→ **AIM OF THE TASK**
Report every line of the records below that contains the word "minutes".

[Dataset items]
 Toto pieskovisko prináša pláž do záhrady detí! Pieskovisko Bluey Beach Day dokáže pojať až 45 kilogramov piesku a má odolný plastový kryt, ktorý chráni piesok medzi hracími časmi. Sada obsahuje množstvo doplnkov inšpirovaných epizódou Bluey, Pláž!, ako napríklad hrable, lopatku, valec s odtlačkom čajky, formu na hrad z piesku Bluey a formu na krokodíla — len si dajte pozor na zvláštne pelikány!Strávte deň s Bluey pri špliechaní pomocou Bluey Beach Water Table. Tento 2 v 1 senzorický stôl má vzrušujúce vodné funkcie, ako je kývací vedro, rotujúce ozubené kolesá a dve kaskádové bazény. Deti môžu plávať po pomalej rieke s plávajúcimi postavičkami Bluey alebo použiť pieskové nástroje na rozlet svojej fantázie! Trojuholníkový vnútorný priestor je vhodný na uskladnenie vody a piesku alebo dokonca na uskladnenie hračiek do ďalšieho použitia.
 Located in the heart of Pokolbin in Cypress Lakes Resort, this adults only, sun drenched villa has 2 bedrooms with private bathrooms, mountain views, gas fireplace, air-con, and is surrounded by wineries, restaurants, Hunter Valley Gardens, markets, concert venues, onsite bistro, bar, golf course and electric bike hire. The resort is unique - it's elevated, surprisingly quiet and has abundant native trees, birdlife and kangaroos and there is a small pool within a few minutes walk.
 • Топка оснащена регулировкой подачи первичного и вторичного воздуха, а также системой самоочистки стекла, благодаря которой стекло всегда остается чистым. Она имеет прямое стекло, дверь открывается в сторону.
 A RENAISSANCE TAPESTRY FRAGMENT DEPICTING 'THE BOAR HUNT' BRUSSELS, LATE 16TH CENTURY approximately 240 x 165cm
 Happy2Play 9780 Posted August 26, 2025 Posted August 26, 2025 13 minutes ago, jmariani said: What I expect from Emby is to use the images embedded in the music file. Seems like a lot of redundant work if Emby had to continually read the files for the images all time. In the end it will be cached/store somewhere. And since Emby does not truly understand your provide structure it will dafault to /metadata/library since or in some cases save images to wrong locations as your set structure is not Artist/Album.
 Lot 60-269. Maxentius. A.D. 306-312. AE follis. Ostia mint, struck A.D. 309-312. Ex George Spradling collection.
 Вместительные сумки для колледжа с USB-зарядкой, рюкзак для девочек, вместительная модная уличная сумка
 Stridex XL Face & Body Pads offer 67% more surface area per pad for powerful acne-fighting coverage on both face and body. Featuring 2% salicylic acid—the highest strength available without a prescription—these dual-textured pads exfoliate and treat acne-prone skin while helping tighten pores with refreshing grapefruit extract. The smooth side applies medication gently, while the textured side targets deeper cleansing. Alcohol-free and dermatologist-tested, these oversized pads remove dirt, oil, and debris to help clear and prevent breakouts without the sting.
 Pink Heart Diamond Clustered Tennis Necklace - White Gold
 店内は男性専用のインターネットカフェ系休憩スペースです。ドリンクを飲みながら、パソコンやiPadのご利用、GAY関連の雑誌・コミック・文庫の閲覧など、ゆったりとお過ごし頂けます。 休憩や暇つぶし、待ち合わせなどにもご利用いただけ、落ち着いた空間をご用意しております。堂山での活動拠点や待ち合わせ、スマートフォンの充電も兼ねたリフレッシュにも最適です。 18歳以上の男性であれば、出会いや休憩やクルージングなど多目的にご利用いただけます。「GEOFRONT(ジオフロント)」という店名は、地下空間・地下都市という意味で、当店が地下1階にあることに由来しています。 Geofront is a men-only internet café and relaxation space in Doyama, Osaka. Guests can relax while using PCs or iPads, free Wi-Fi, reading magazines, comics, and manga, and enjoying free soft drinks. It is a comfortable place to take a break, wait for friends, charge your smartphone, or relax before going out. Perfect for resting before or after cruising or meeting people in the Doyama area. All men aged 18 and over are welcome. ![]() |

→ **WRITTEN SOLUTION**
 Located in the heart of Pokolbin in Cypress Lakes Resort, this adults only, sun drenched villa has 2 bedrooms with private bathrooms, mountain views, gas fireplace, air-con, and is surrounded by wineries, restaurants, Hunter Valley Gardens, markets, concert venues, onsite bistro, bar, golf course and electric bike hire. The resort is unique - it's elevated, surprisingly quiet and has abundant native trees, birdlife and kangaroos and there is a small pool within a few minutes walk.
 Happy2Play 9780 Posted August 26, 2025 Posted August 26, 2025 13 minutes ago, jmariani said: What I expect from Emby is to use the images embedded in the music file. Seems like a lot of redundant work if Emby had to continually read the files for the images all time. In the end it will be cached/store somewhere. And since Emby does not truly understand your provide structure it will dafault to /metadata/library since or in some cases save images to wrong locations as your set structure is not Artist/Album.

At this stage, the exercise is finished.